§ Data section:
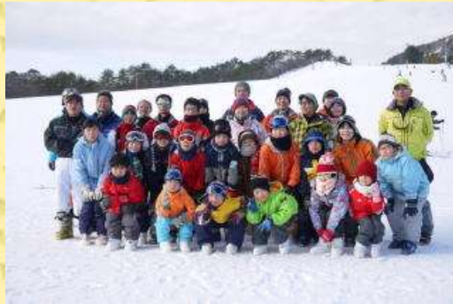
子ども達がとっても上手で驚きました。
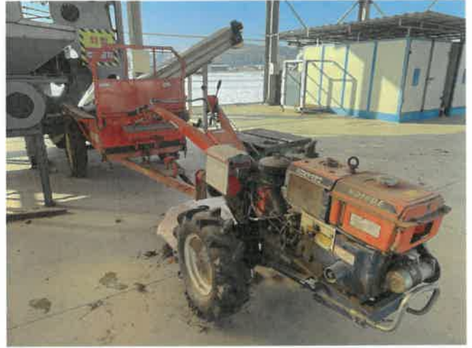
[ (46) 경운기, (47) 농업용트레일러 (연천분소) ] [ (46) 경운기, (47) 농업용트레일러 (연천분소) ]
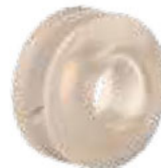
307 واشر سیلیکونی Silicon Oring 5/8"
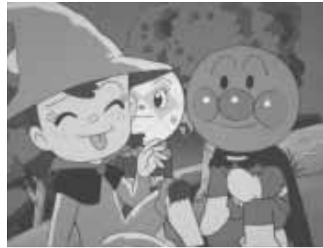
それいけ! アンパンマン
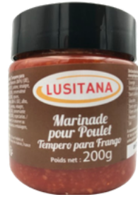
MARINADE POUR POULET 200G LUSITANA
==
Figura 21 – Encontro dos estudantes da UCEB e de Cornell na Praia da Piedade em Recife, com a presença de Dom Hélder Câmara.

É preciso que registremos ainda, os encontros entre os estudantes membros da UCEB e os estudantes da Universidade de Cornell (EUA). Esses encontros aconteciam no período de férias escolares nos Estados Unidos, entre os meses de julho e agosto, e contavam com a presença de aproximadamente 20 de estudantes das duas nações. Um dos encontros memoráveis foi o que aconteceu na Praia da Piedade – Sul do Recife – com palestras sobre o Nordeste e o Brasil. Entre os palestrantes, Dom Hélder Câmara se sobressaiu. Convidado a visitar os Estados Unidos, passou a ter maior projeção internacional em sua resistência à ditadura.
==
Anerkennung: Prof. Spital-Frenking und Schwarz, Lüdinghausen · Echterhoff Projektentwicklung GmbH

§ Required action: Scan the listing for the string "Praia" and copy every line that carries it.

§ Answer to the exercise:
Figura 21 – Encontro dos estudantes da UCEB e de Cornell na Praia da Piedade em Recife, com a presença de Dom Hélder Câmara.
É preciso que registremos ainda, os encontros entre os estudantes membros da UCEB e os estudantes da Universidade de Cornell (EUA). Esses encontros aconteciam no período de férias escolares nos Estados Unidos, entre os meses de julho e agosto, e contavam com a presença de aproximadamente 20 de estudantes das duas nações. Um dos encontros memoráveis foi o que aconteceu na Praia da Piedade – Sul do Recife – com palestras sobre o Nordeste e o Brasil. Entre os palestrantes, Dom Hélder Câmara se sobressaiu. Convidado a visitar os Estados Unidos, passou a ter maior projeção internacional em sua resistência à ditadura.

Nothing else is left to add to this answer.